• **Work instruction**: Pictures excluded, return every entry exactly, please.

————————

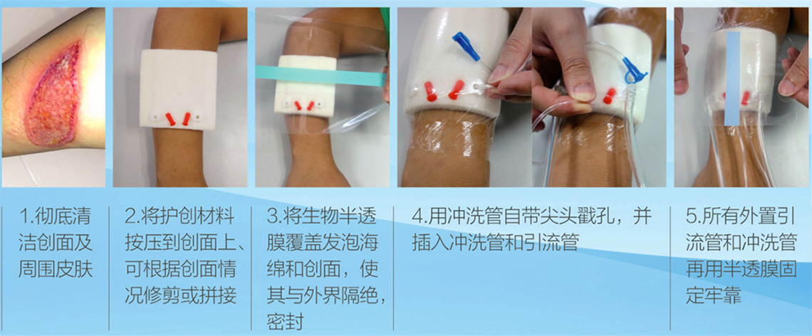 3、 采用醫(yī)用生物半透薄膜覆蓋發(fā)泡海綿和創(chuàng)積,使其與外界隔離、封閉;
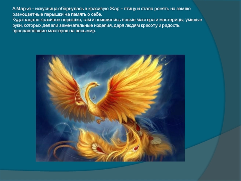 Слайд 5 А Марья – искусница обернулась в красивую Жар – птицу и
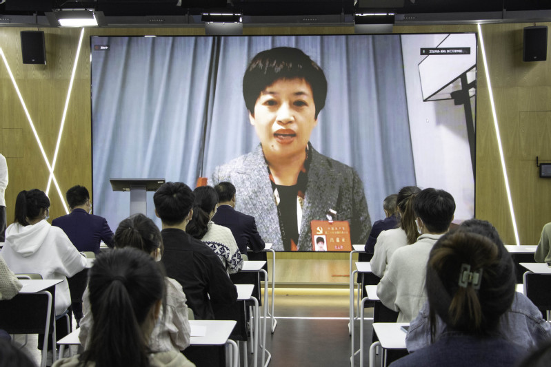 当晚,学校开展“跟着足迹学报告”大思政课活动,设计艺术与建筑学院学生与党的二十大代表、宁波市北仑区大碶街道灵峰社区党委书记史孟艳云对话,更直观感受党的二十大开幕会盛况。
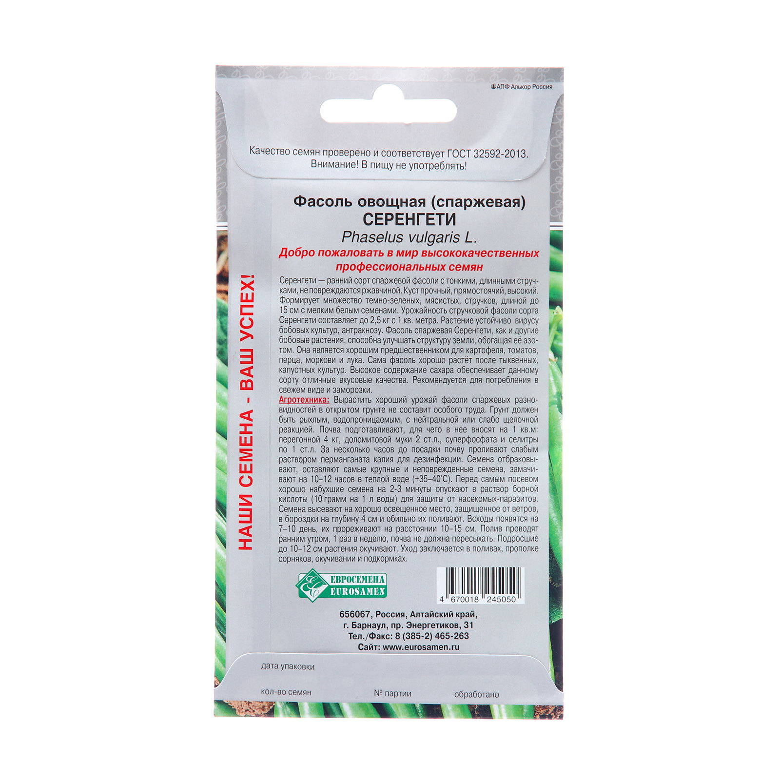Семена Фасоль овощная, спаржевая Серенгети, 15 шт, Евросемена, Россия
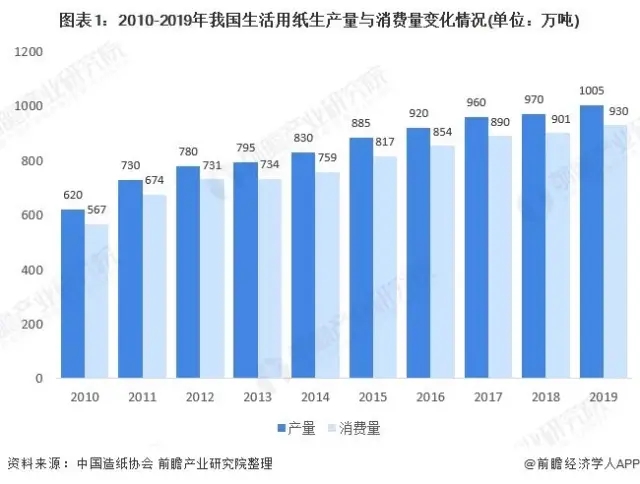 根據(jù)中國(guó)造紙協(xié)會(huì)在歷年《造紙工業(yè)年度報(bào)告》中披露的數(shù)據(jù),2010-2019年我國(guó)生活用紙的生產(chǎn)量與消費(fèi)量整體上呈現(xiàn)逐年增長(zhǎng)的態(tài)勢(shì)。2019年,我國(guó)生活用紙產(chǎn)量為1005萬噸,較2018年增長(zhǎng)3.61%;消費(fèi)量為930萬噸,較2018年增長(zhǎng)3.22%。
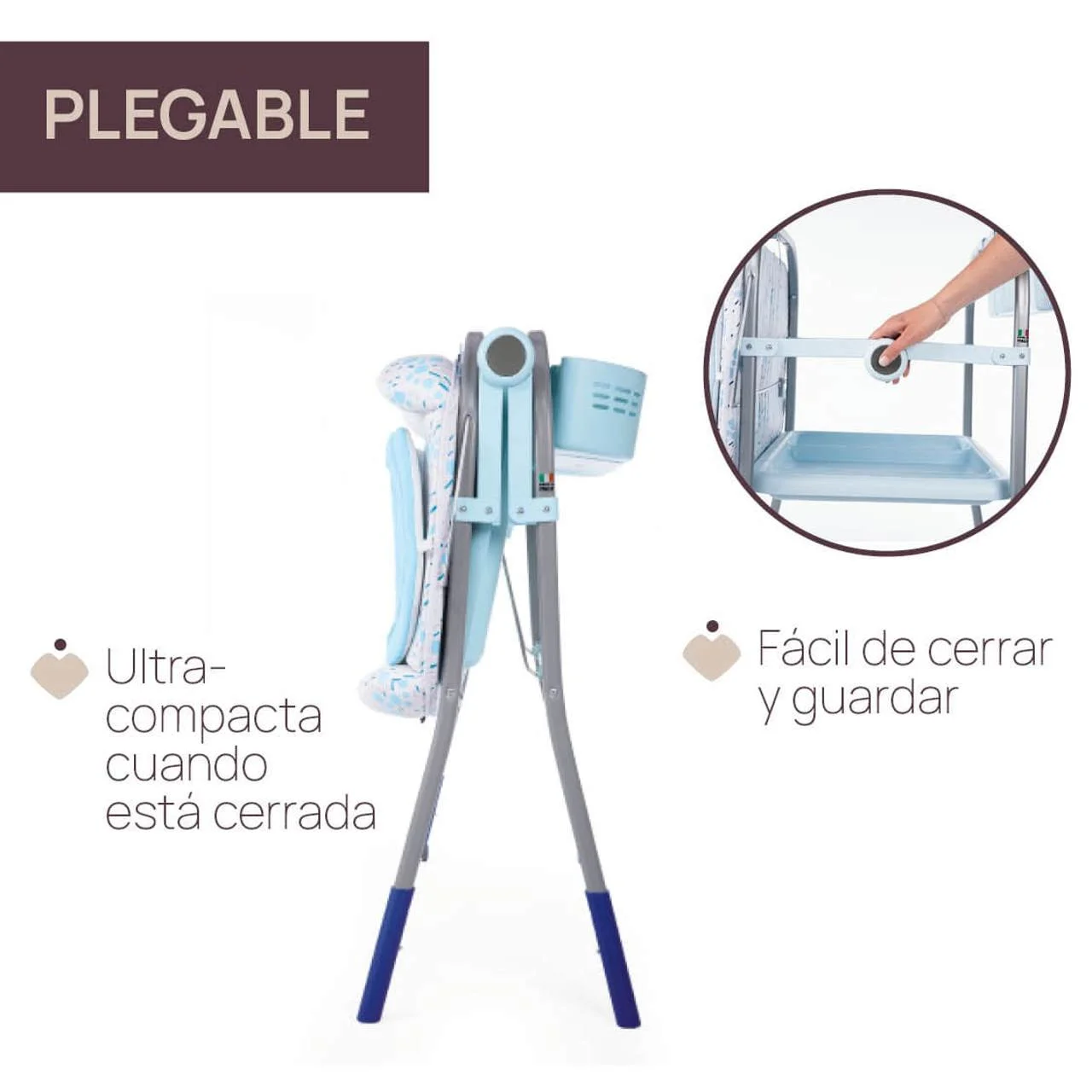 - Bandeja portaobjetos extraíble para guardar las cositas de tu bebé.
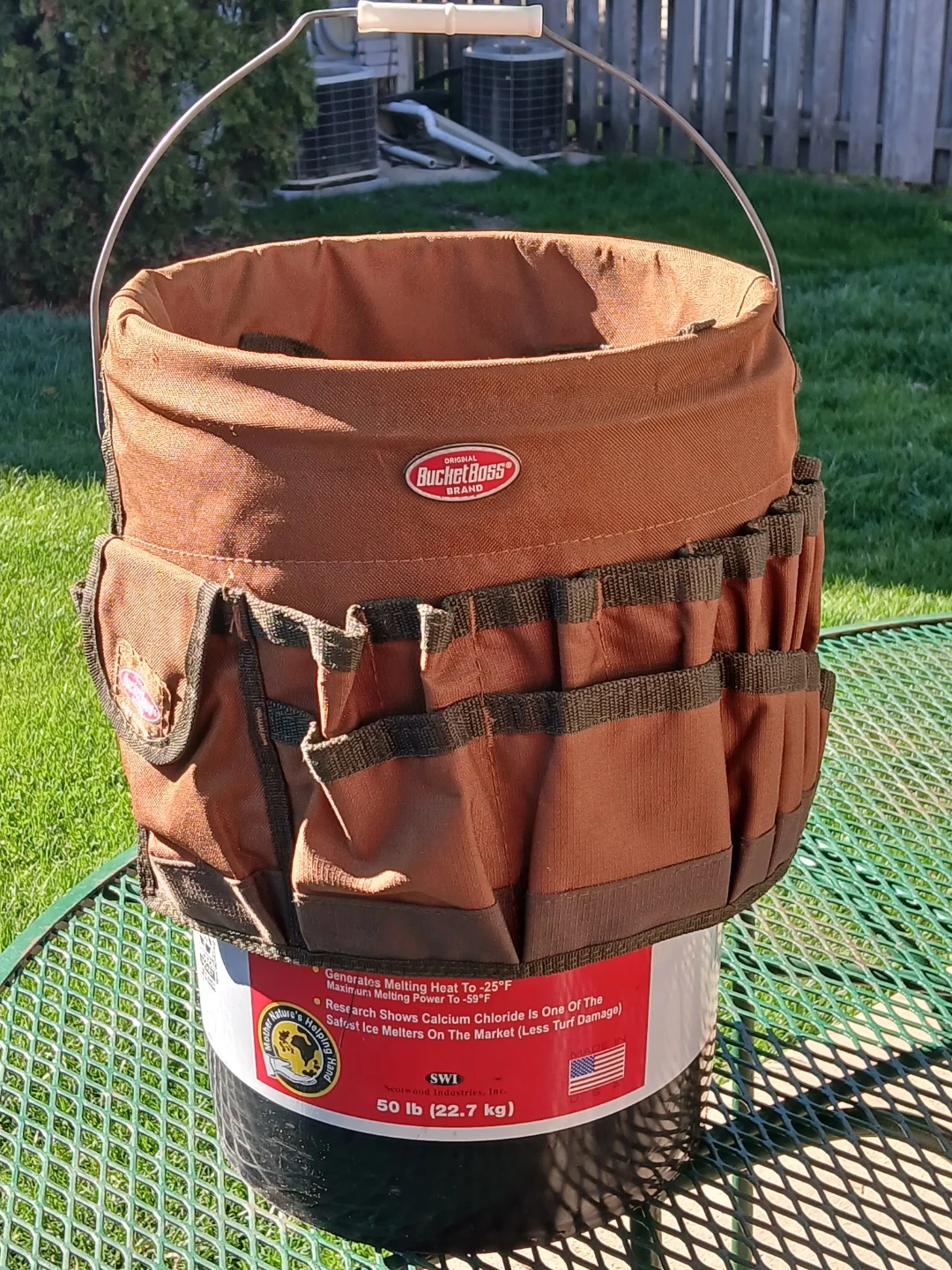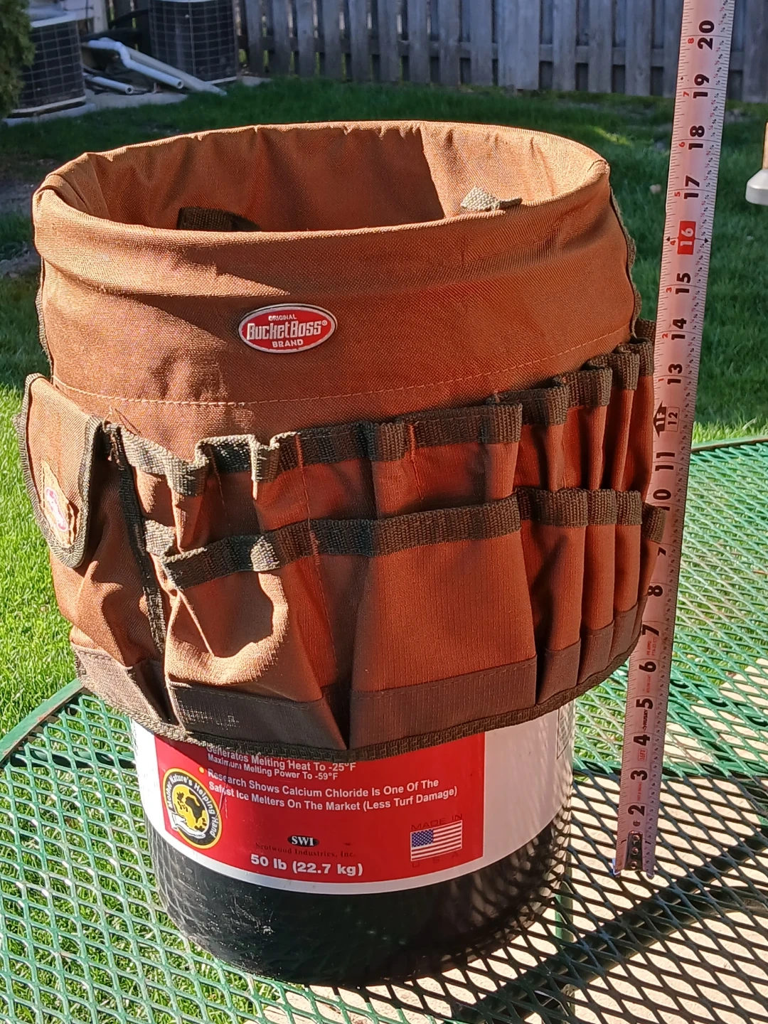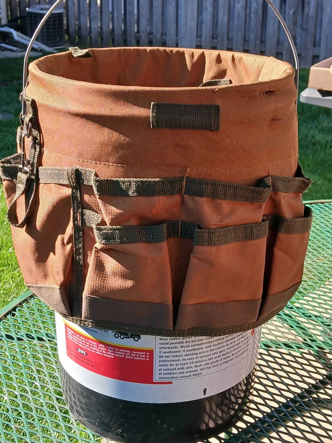This is an Original Bucket Boss tool organizer bucket. It's made of durable brown canvas material. Plenty of pockets for all your tools! 18inches tall. USED LIKE NEW. CASH only, no zelle, no Paypal.
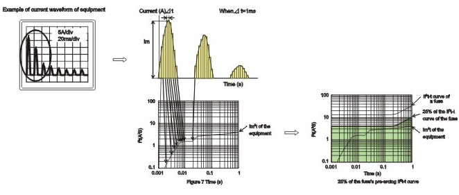 由于開關(guān)電源的出現(xiàn),使得線路中的浪涌電流變得復(fù)雜,多變,不同的浪涌電流或工作電流波形產(chǎn)生的能量是不同的,電路設(shè)計者要了解回路中出現(xiàn)的浪涌電流或工作電流的波形,以適當(dāng)?shù)剡x擇熔斷的工作電流。參照圖 (3)
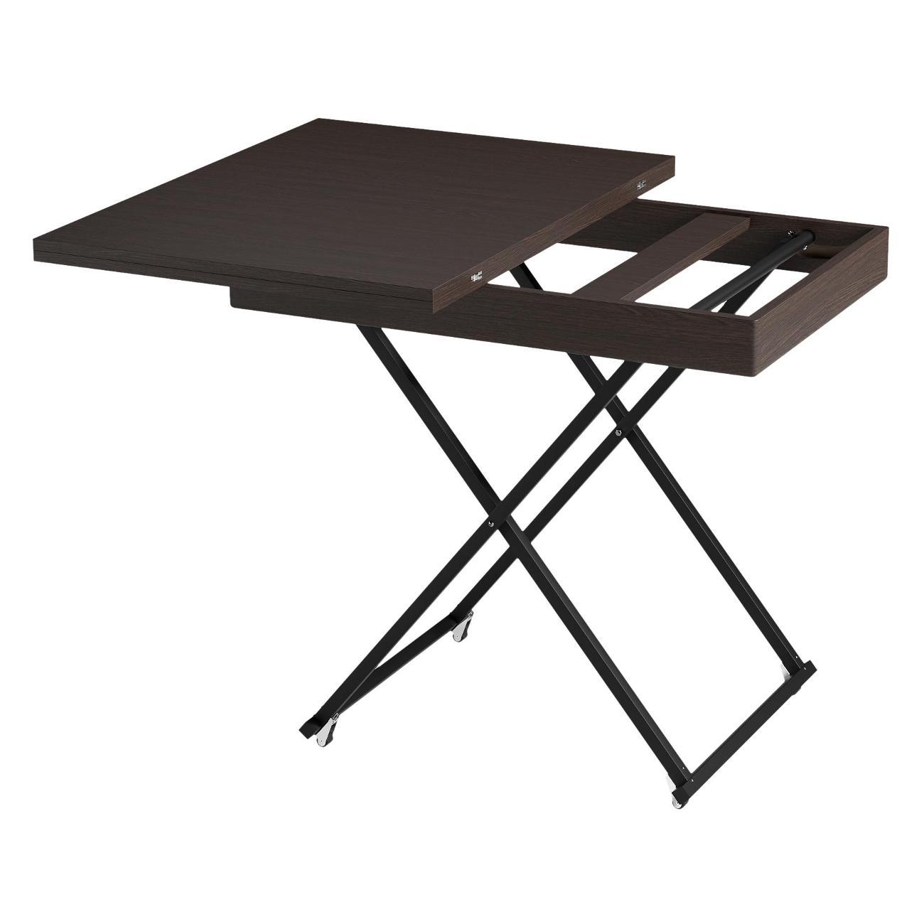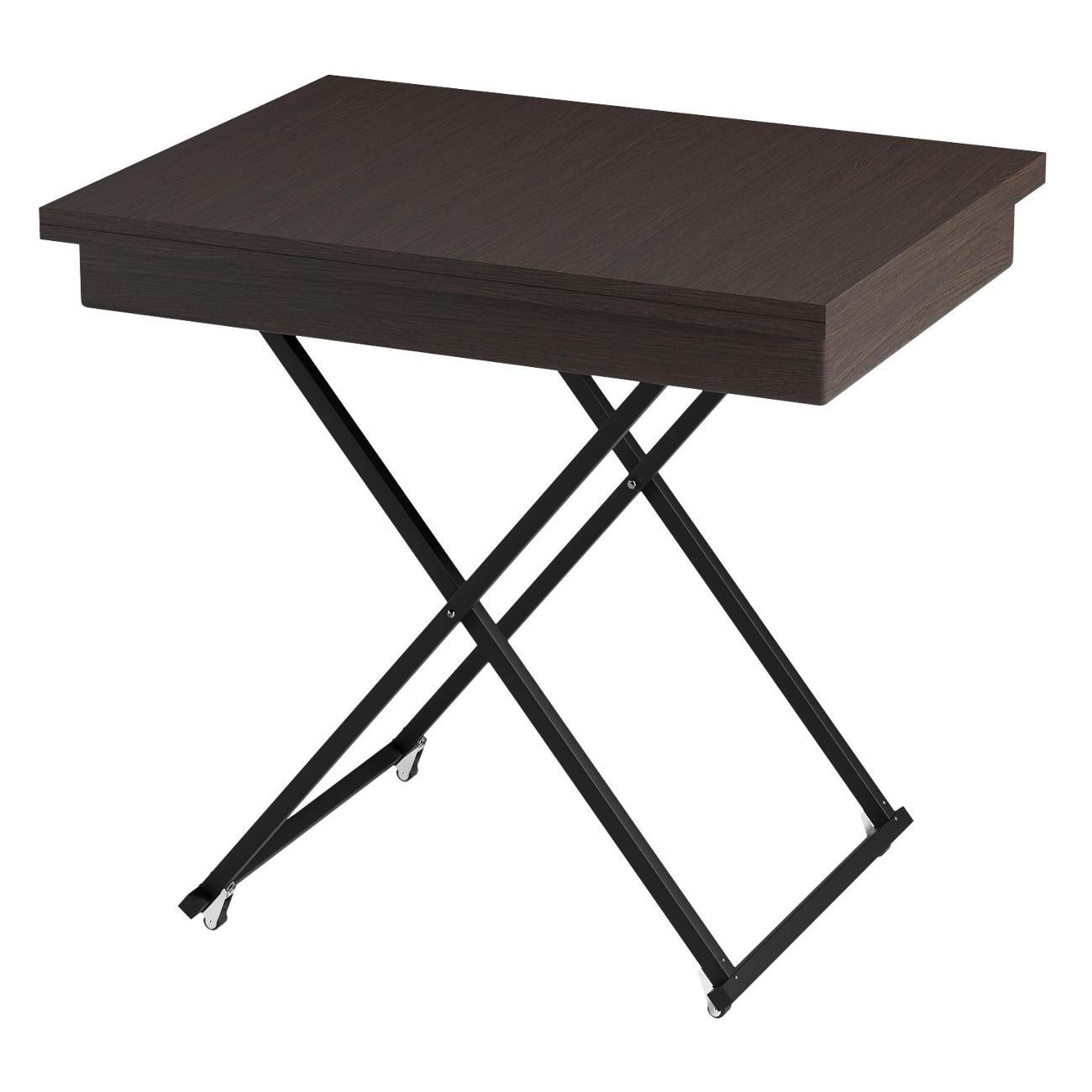 Каркас изготовлен из ЛДСП — прочного материала, придающего надежность и долговечность конструкции. Низкий деревянный столик на роликах (колесиках) сочетает функции журнального (80x60x49.5) и обеденного варианта (119x80x72), что особенно удобно в условиях ограниченной площади квартиры или дома. Как и книжка, сборный трансформер очень компактный. Раскладной механизм надежен и прост в эксплуатации: вы сможете быстро разложить его, создав дополнительное место для приёма пищи.
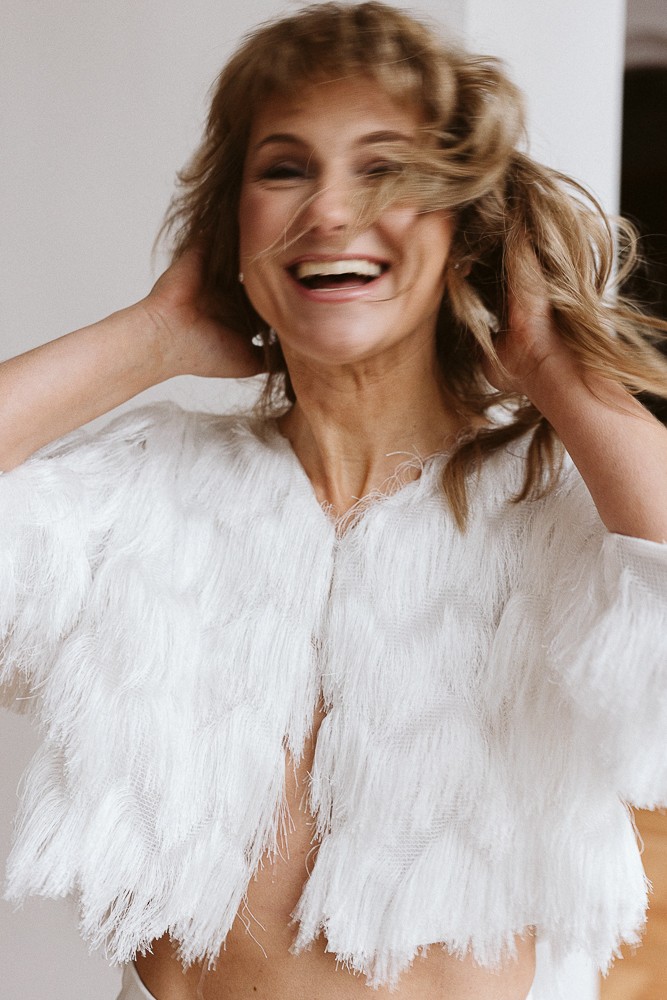 Wyjątkowe, minimalistyczne bolerko z efektownymi frędzlami to propozycja dla kobiet, które szukają czegoś naprawdę niepowtarzalnego. Idealne nie tylko jako okrycie dla panny młodej, ale również jako stylowy element garderoby na wyjątkowe okazje.
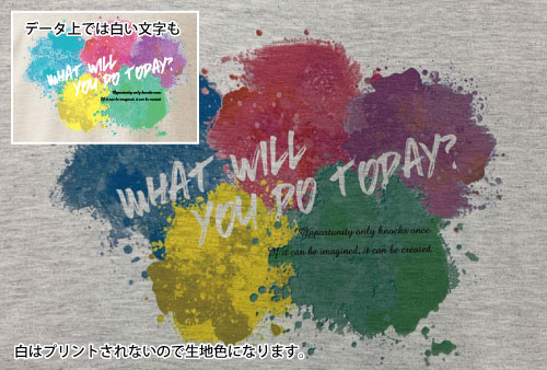 淡色ボディに白引き無しでダイレクトにインクジェットプリントした場合は、素材の地色に左右されます。

————————

• **Output of the exercise**:
 3、 采用醫(yī)用生物半透薄膜覆蓋發(fā)泡海綿和創(chuàng)積,使其與外界隔離、封閉;
 Слайд 5 А Марья – искусница обернулась в красивую Жар – птицу и
 当晚,学校开展“跟着足迹学报告”大思政课活动,设计艺术与建筑学院学生与党的二十大代表、宁波市北仑区大碶街道灵峰社区党委书记史孟艳云对话,更直观感受党的二十大开幕会盛况。
Семена Фасоль овощная, спаржевая Серенгети, 15 шт, Евросемена, Россия
 根據(jù)中國(guó)造紙協(xié)會(huì)在歷年《造紙工業(yè)年度報(bào)告》中披露的數(shù)據(jù),2010-2019年我國(guó)生活用紙的生產(chǎn)量與消費(fèi)量整體上呈現(xiàn)逐年增長(zhǎng)的態(tài)勢(shì)。2019年,我國(guó)生活用紙產(chǎn)量為1005萬噸,較2018年增長(zhǎng)3.61%;消費(fèi)量為930萬噸,較2018年增長(zhǎng)3.22%。
 - Bandeja portaobjetos extraíble para guardar las cositas de tu bebé.
This is an Original Bucket Boss tool organizer bucket. It's made of durable brown canvas material. Plenty of pockets for all your tools! 18inches tall. USED LIKE NEW. CASH only, no zelle, no Paypal.
 由于開關(guān)電源的出現(xiàn),使得線路中的浪涌電流變得復(fù)雜,多變,不同的浪涌電流或工作電流波形產(chǎn)生的能量是不同的,電路設(shè)計者要了解回路中出現(xiàn)的浪涌電流或工作電流的波形,以適當(dāng)?shù)剡x擇熔斷的工作電流。參照圖 (3)
 Каркас изготовлен из ЛДСП — прочного материала, придающего надежность и долговечность конструкции. Низкий деревянный столик на роликах (колесиках) сочетает функции журнального (80x60x49.5) и обеденного варианта (119x80x72), что особенно удобно в условиях ограниченной площади квартиры или дома. Как и книжка, сборный трансформер очень компактный. Раскладной механизм надежен и прост в эксплуатации: вы сможете быстро разложить его, создав дополнительное место для приёма пищи.
 Wyjątkowe, minimalistyczne bolerko z efektownymi frędzlami to propozycja dla kobiet, które szukają czegoś naprawdę niepowtarzalnego. Idealne nie tylko jako okrycie dla panny młodej, ale również jako stylowy element garderoby na wyjątkowe okazje.
 淡色ボディに白引き無しでダイレクトにインクジェットプリントした場合は、素材の地色に左右されます。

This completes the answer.